After all the fuss over interviewing Wintour at the end of the first episode, I was at least looking forward to hearing what she had to say in this second installment. Yet when the much-anticipated moment arrives, the questions are under-researched, the interview brief, and the coverstar rivalry not even mentioned. It is such a wasted opportunity, and underscores for me why this documentary should have been made by somebody else: not necessarily a woman, but someone who knows the basics of the fashion industry and is willing to research it rather than just trail around behind editors with a camera and sulk behind them when someone requests not to be filmed.

The actual content of the series is interesting, both for those who would never dream of missing a Vogue issue and those who have never bought it in their life. Judging by the Twitter reaction, Fashion Director Lucinda Chambers was a particular favourite, and some of the best parts of the documentary are when Macer steps back and allows the staff of Vogue to explain for themselves how their process works. Alexandra Shulman is at the centre of the programme, and in fairness to Macer he does capture some interesting insights into the life of the Editor-in-Chief; hurrying across some grass to a runway show is a rare moment when Macer properly gets behind the perceived image of Vogue and shows his viewer the less glamorous and sometimes haphazard world of fashion.

This could have been such a good documentary. I haven't yet mentioned the elephant in the room: The September Issue. The difference between this documentary and The September Issue all lies in the presence of the filmmaker. Whereas RJ Cutler's classic is absent of narration, and the filmmakers never interfere with the process they are recording, Macer takes the opposite approach. In the first episode, he even intervenes in a meeting in an attempt to resolve a dispute over the cover. I realise that this is probably a deliberate departure from Cutler, but the presence of the filmmaker, both in voiceover and in participation in the action, is distracting.

Ultimately, Macer centralises himself and his own experience rather than that of his subjects. This is why he is so upset when he realises Shulman has been keeping the fact that the Duchess of Cambridge will appear on the magazine's centenary edition cover from him - even though this was a secret kept from a huge number of other people, many of them with more of a right to know than a documentary-maker. This is then unfairly trailed in the BBC's episode description as the discovery of "a world of deception".

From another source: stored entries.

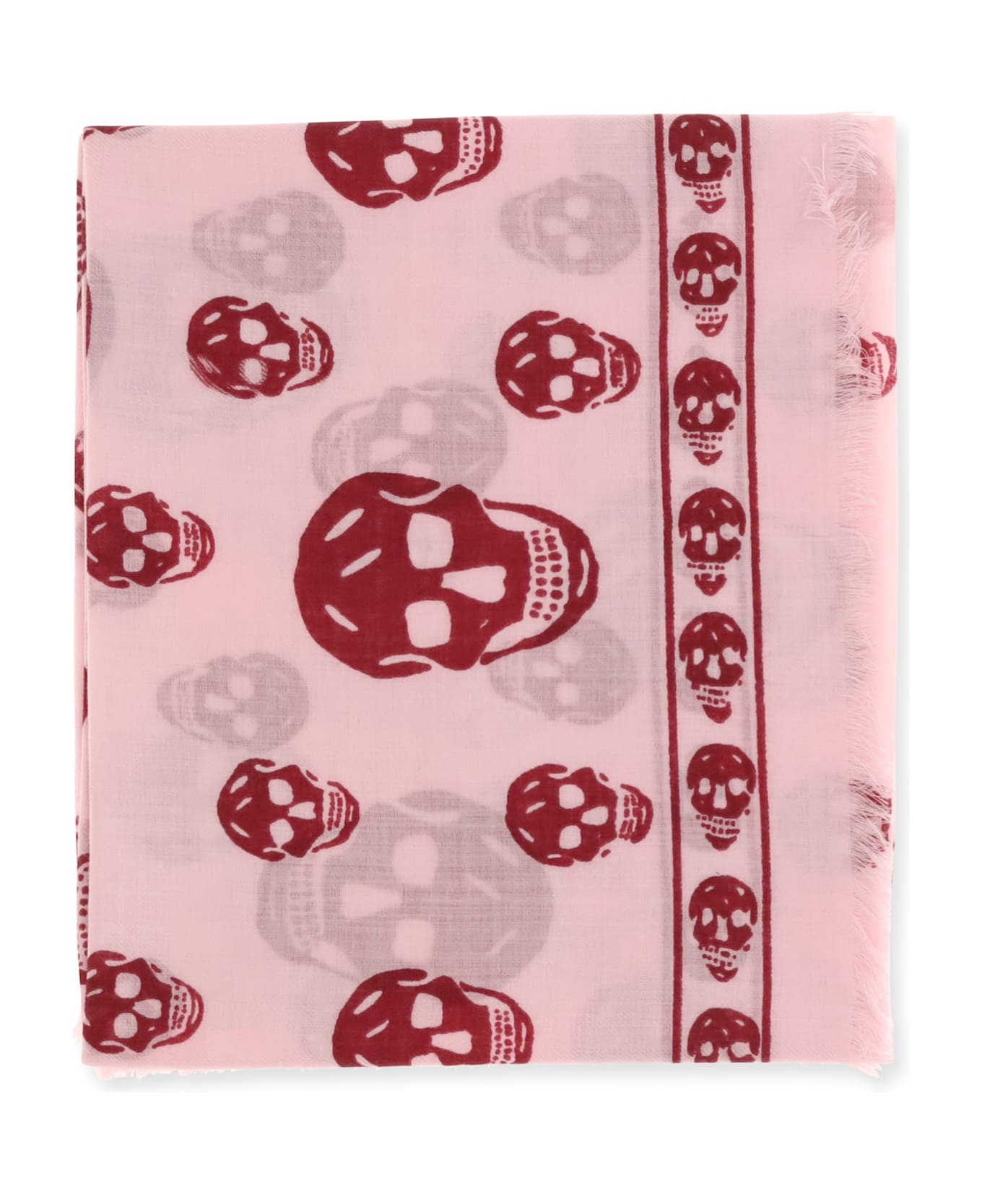 The skull foulard by mcqueen is crafted from a silk and modal blend in black and dark grey, featuring an all-over skull motif. the fringed edges are accented with skull details and the mcqueen logo, creating a distinctive, contemporary accessory.
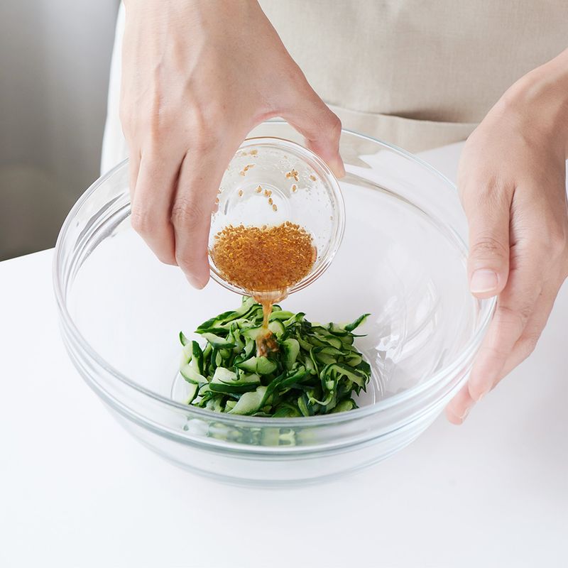 오이를 끓는 물에 살짝 데쳐 비린내는 줄고,
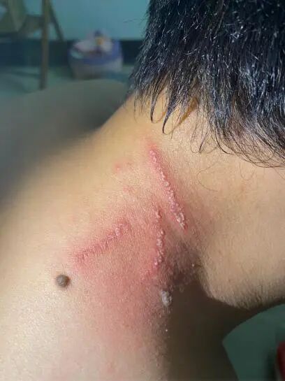 典型皮損形態: 呈條狀、線狀或斑片狀的紅腫,就像被鞭子抽打過一樣,上面還可能出現密集的丘疹、水皰甚至膿皰。
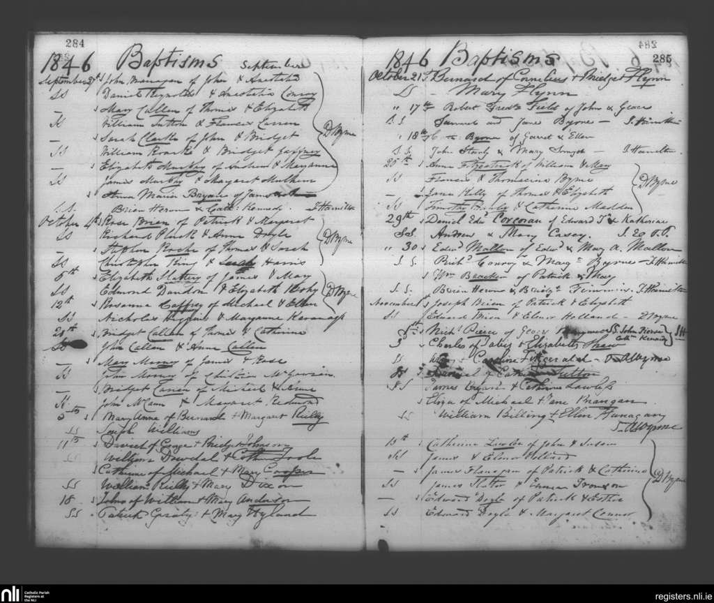 Booterstown; County of Dublin; Archdiocese of Dublin. Baptisms, Sep. 1846 to Nov. 1846
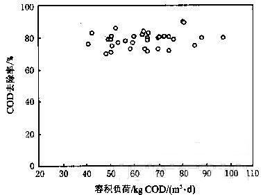 | 圖2 容積負(fù)荷與COD去除率的關(guān)系 |
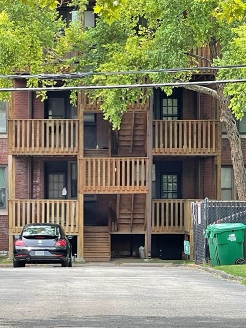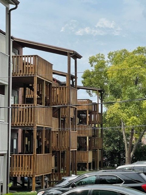 Wood stainig project for an apartment complex’s porch and stairwell in Rolla, MO.
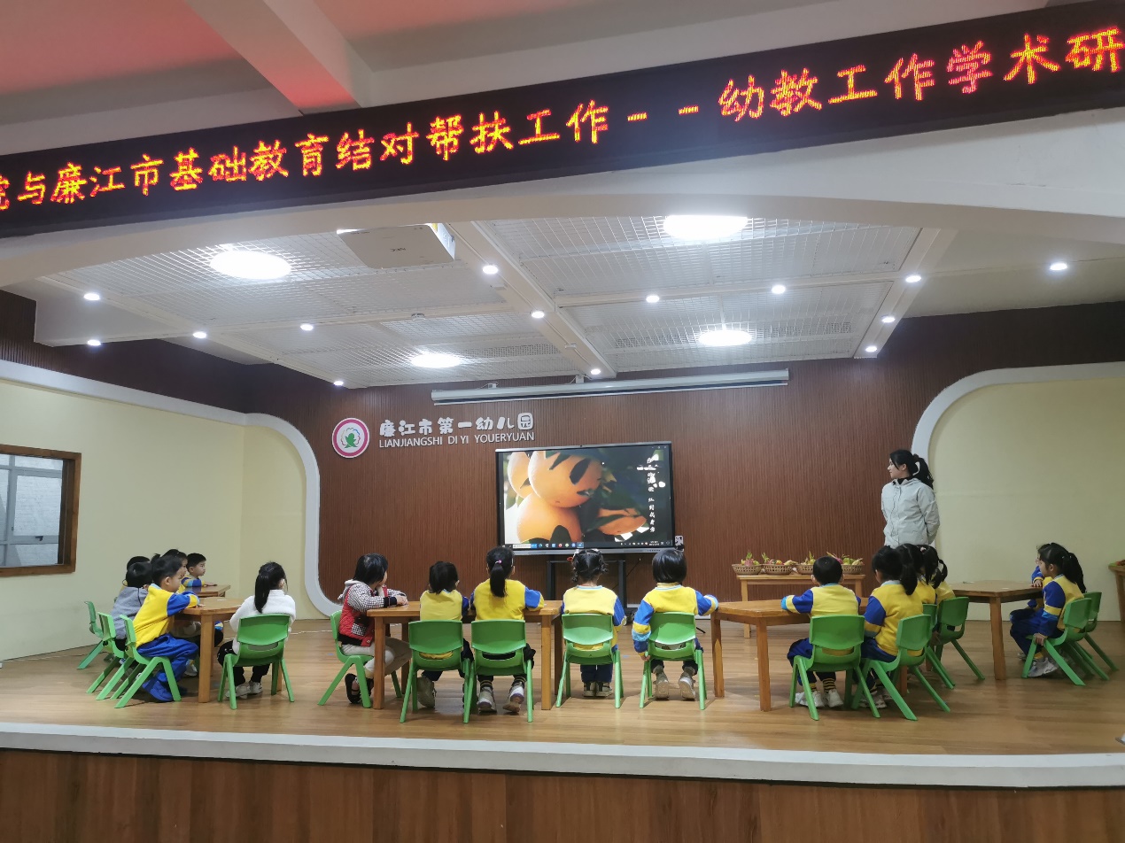 陈维璐老师“讲学送教”环节之后,廉江市第一幼儿园叶潼老师主讲大班语言活动《廉江水果推介会》。随着一首别具地方特色的歌曲《我的九洲江》,叶老师带领小朋友们进入美丽的廉江,了解廉江有哪些水果,可以怎样推介廉江的水果。小朋友们积极与叶老师互动,以小组为单位选择一种水果进行推介,推介的方式非常新颖——网络现场直播,小朋友个个争当“廉江水果推介小天使”,把课堂气氛推向高潮。面对镜头,小朋友毫不怯场,有条理,清晰地介绍了廉江的各种水果,有些还讲得生动有趣呢。最后,作为小主人,小朋友们还把家乡的水果送给在座的各位客人品尝,以实际行动来推介家乡的特产,表达、体验热爱家乡的情感。
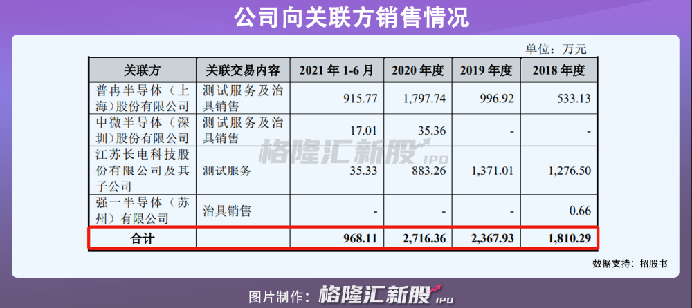 令人关注的是,因公司股东深圳南海分别持有客户普冉半导体10.71%的股份和客户中微半导体4.40%的股份,且同时委派陈凯担任伟测科技、普冉半导体、中微半导体三家公司董事,伟测科技与上述两家客户存在关联销售。报告期各期末,公司向关联方销售金额分别为1810万元、2368万元、2716万元、968万元。
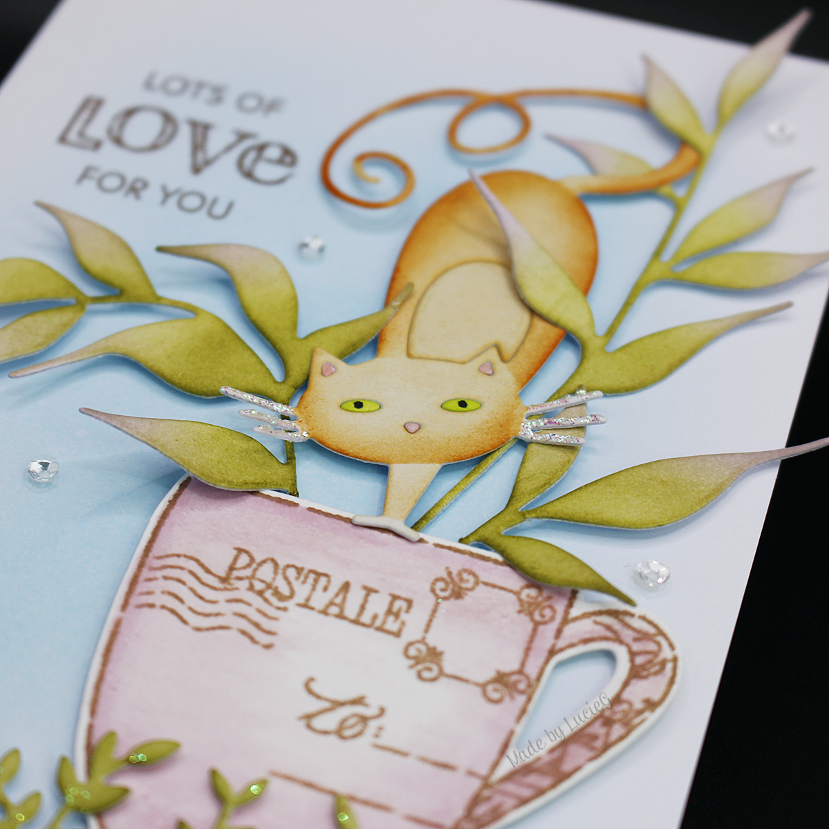 I chose a kitty from the fun Fancy Cat dies set (51-347) and the gorgeous Dignified die (51-821) and coloured them with distress inks. I blended some Tumbled Glass distress ink on my card base and adhered the elements – I ended up separating the leafy branches when arranging the elements in my teacup. I added a leafy border from the Garden Edgers die set (51-549) to ground the teacup plus a sentiment from the Love & Light mini stamp set (31-037) and some stickles and sequins!

For those who want an insight into the process behind Vogue's centenary year, it is still worth watching, but there are far better fashion documentaries to be watched. Other than The September Issue, there's a favourite series of mine Le Jour D'Avant, following fashion designers the day before one of their shows. There's also British Vogue's own video going inside their offices, hosted by Alexa Chung, which gives rather a different, less annoying view on everything we see in Absolutely Fashion. If you haven't already, I really recommend watching it.